Nimbic
- Type: Private
- Industry: EDA Software
- Founded: Bellevue, Washington (2006)
- Fate: Acquired by Mentor Graphics, which was later acquired by Siemens
- Headquarters: Mountain View, California, United States

= Nimbic =

Nimbic, Inc. (formerly Physware) was a company that developed electronic design automation (EDA) software. The company was founded in 2006 and was headquartered in Mountain View, California, United States.

Nimbic offered high speed 3D electromagnetic simulation solutions for signal integrity (SI), power integrity (PI), integrity to electromagnetic interference (EMI) and Simultaneous Switching Noise/Simultaneous Switching Output (SSN/SSO) Integrity. They also offered secure Cloud Computing solutions for electronic design.
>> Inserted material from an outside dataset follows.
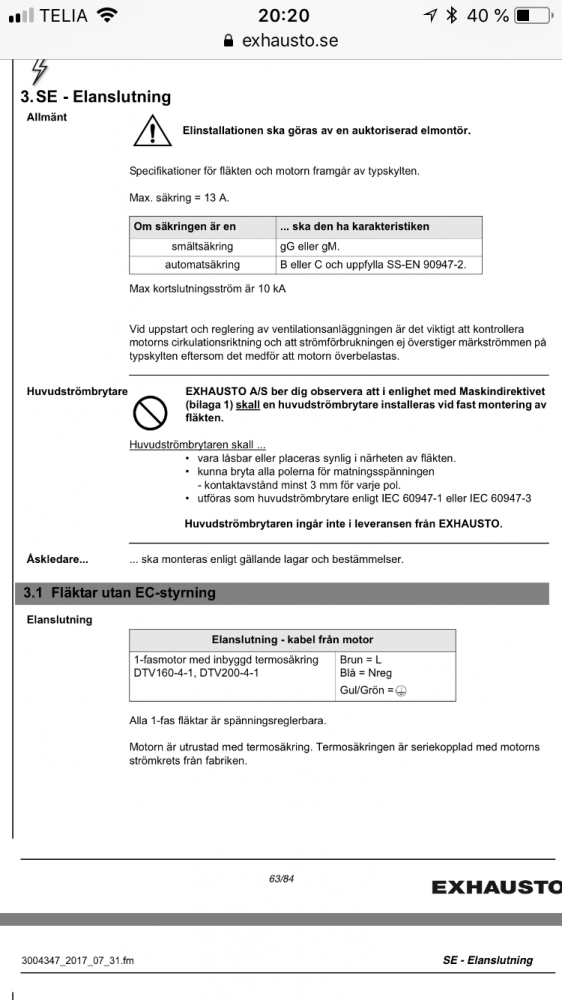Va och installerade en ny ec fläkt idag på en gammal fastighet och så fastande jag på en text i installations anvisningen där de står
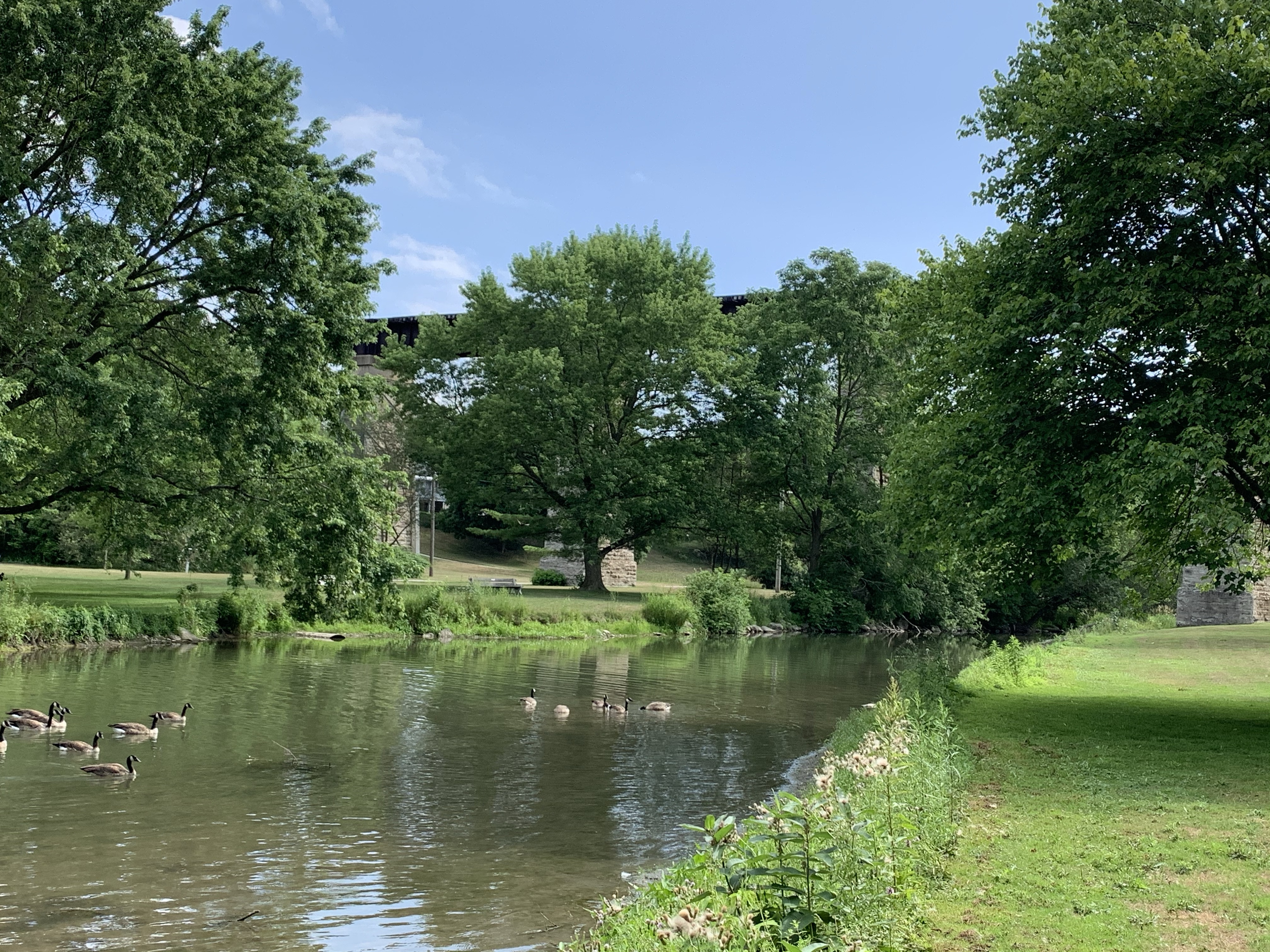 St. Marys was founded in 1841 when Thomas and James Ingersoll bought 400 acres of land near the junction of Trout Creek and The Thames River. They dammed the Thames River just below the confluence and built mills on the south side of the present Queen Street. The mill race that fed their mills was incorporated as an integral part of the Victoria Bridge when it was built in 1864. The mill race was restored in 1980 and now has its own heritage designation. I visited here in July when the first wave of Covid was just relaxing and took these pictures that I present now that travel is once again restricted due to the pandemic. Hopefully we’ll get back to newly explored material before too long.

In May 2014 Nimbic was acquired by Mentor Graphics, which was in turn acquired in 2017 by Siemens and rebranded Siemens EDA.

== Portfolio ==

Nimbic develops 3D broadband electromagnetic field extractors and simulators for signal integrity, power integrity, EMI Analysis and SSN/SSO Analysis. Their product range includes:

- nWave
- nApex
- nVolt
- nCloud

== History ==
Nimbic (formerly Physware) was founded in December 2006 by Dr. Vikram Jandhyala.

In May 2010, Physware was named "2010 Cool Vendor in Semiconductors" by Gartner.

Nimbiic was acquired by Mentor Graphics in 2014.